Por Lidia
“…. Vida nada te debo, Vida estamos en paz.”.
Amado Nervo.
El dolor llega a ser una droga tan poderosa, que un destello de felicidad efímera
podría matar el interior.
Cuando se vive en la oscuridad, la luz envenena el alma.
Más aún cuando en el interior de uno mismo existe una continua lucha de pasiones, situaciones que simplemente están más allá del bien y del mal.
He terminado mis estudios universitarios.
He tenido la posibilidad de estudiar en una de las mejores universidades del país.
He intentado encontrar en los libros la paz que mi alma demanda.
Mis padres me aman profundamente, aún a pesar de no ser yo su hijo biológico.
Noche a noche cargo ese lastre que me impide ser feliz, aún a pesar de –tenerlo todo-.
Llegué a este mundo con un mal congénito.
Mi columna vertebral estaba deshecha.
Al llegar a este mundo, no sólo yo lloraba, también mis progenitores lo hacían.
Ellos eran un par de jóvenes absolutamente desamparados.
Sin nada en la vida, excepto un hijo anormal.
Era yo un engendro que tuvo una segunda oportunidad, pero mi segunda oportunidad le costó a mi padre perder su libertad y su vida, ir a prisión por el delito de homicidio, y en la cárcel, perder la vida por un ajuste de cuentas debido a un error en el delito cometido.
La mujer que me parió no soportó la muerte de su esposo y se suicidó.
Era yo un ser humano más que imperfecto con mucha suerte, la muerte me reclamaba a cada instante, pero algo mayor se negaba rotundamente a dejarme ir de este mundo.
Crecí en el barrio que me vio nacer y sobreviví de la manera en que pude, a los siete años una casa de orfandad me recogió y no volví nunca a ese lugar que me vio nacer, resistirme a la muerte, conocer de la pérdida de mis padres… y saber que la razón de sus fallecimientos, fui yo.
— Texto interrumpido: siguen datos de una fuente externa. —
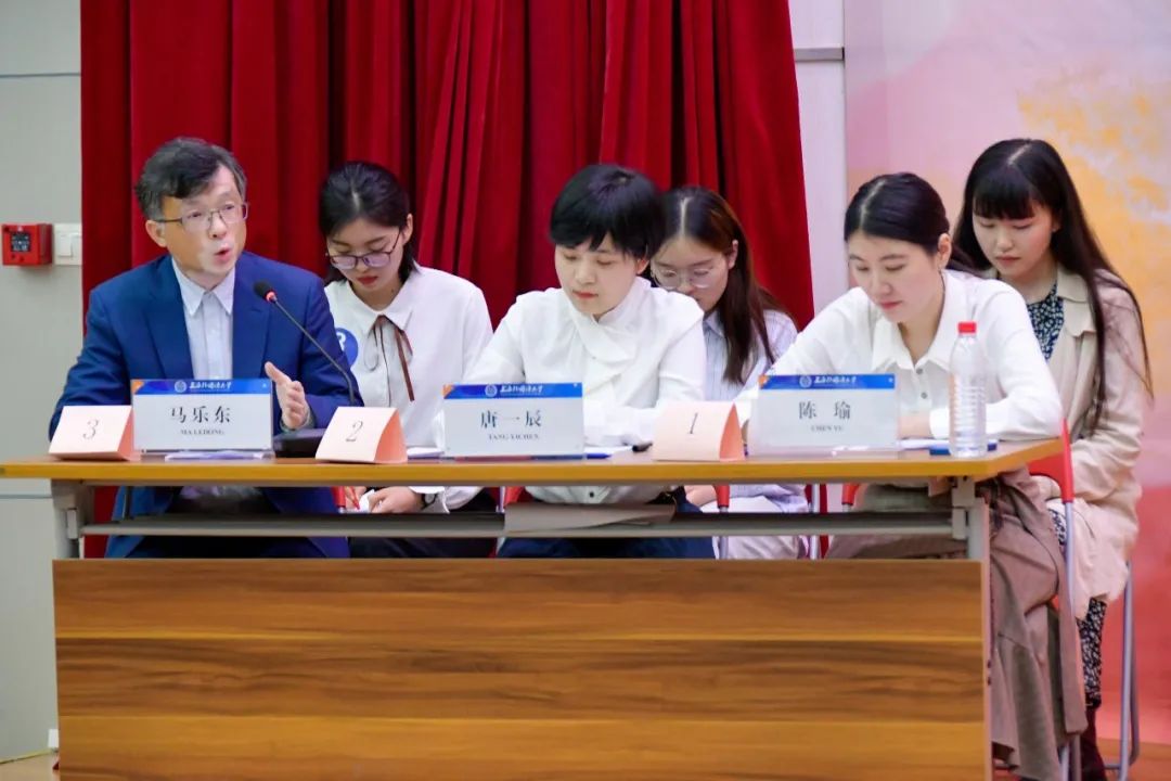 随后,王欣老师宣布口译大赛开始。现场口译大赛是历届“方重翻译奖”的重头戏,比赛采取辩论和交替口译模式进行,来自英语学院和国际教育学院的6位老师组成辩论队,正、反方各3人,辩论上半场为中文,下半场双方互换立场后进行英文辩论,由口译初赛得分最高的6位同学,现场抽签后分别跟随一位老师进行交替传译。本届大赛的辩论主席是英语学院教师顾秋蓓,辩手为英语学院教师顾悦、庄驰原、陈瑜、唐一辰、马乐东和国际教育学院教师江小华。担任辩论口译赛评委的是王光林教授、王岚教授、肖维青教授、侯靖靖副教授、策马翻译有限公司洪晔女士和于斐女士。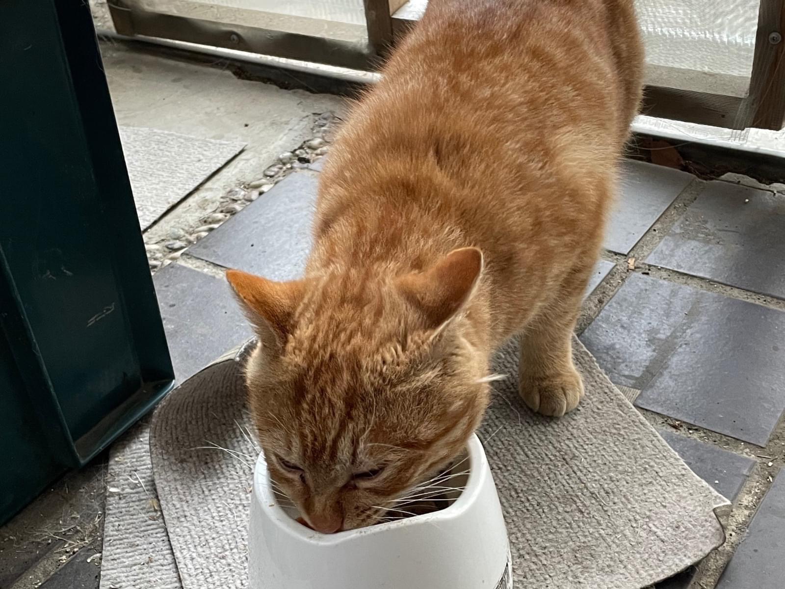 オドオドしていますが、近くでご飯をあげても大丈夫なので、飼い猫かもしれません。

Mis nuevos padres sanaron mis heridas físicas e hicieron hasta lo imposible por sanar mis heridas internas.
Sabían de mi dolor y de las culpas expiadas, y después de años de ayuda psicológica, decidieron –sabiamente- que la única cura para mi dolor, se encontraba en el compartir mi vida.
Comencé a utilizar mis tardes para apoyar casas de asistencia y hospitales, apoyar en lo que mis conocimientos universitarios y empíricos podían, preocuparme por las vidas de aquellos seres olvidados del mundo que parecían no tener un hogar propio.
Procedíamos de la misma cuna y era justo que yo compartiera con mis hermanos la esperanza que me había sido obsequiada en mi infancia.
Una noche de carnaval me disponía a dejar el hospital para pasear por las calles coloridas y ricas en sonidos alegres, cuando llegó a urgencias un joven de edad similar a la mía.
Venía inconsciente y desangrándose debido a una herida provocada con un arma punzo-cortante en la parte baja de su abdomen.
Aún cuando no tenía noción de lo que sucedía a su alrededor, asía fuertemente entre su puño derecho un reloj de marca Tag-Heuher.
Y aún cuando sus ropas y su piel estaban bañadas en sangre y polvo, se podía apreciar los rasgos de un hombre de estética pronunciada.
- Seguramente llegó a morir.- Escuché decir a los doctores.- Nuestro banco de sangre carece de unidades de su tipo sanguíneo… es una lástima, tan joven….
- … y tan guapo…- puntualizaban las enfermeras.
- ¿Qué tipo de sangre necesitan?.- Dije mientras me acercaba a los doctores.
- B negativo.- Decían ellos afligidos y negando con la cabeza.
- Yo soy B negativo.- Dije sin dudarlo un segundo.- Corran, hagan lo necesario, ¡háganlo ya!.- grité.
Algo dentro de mí me inyectaba adrenalina y un repentino interés por ese hombre.
La vida se negaba a darme mi pase de salida.
Y algo dentro de mí sabía que también se lo estaba negando a ese hombre desconocido.
Y fue así que mi alma encontró la paz que tanto ansiaba.
Mis padres perdieron la vida debido a mí, y ahora yo le daba la vida a alguien más.
Vida nada te debo, Vida estamos en paz.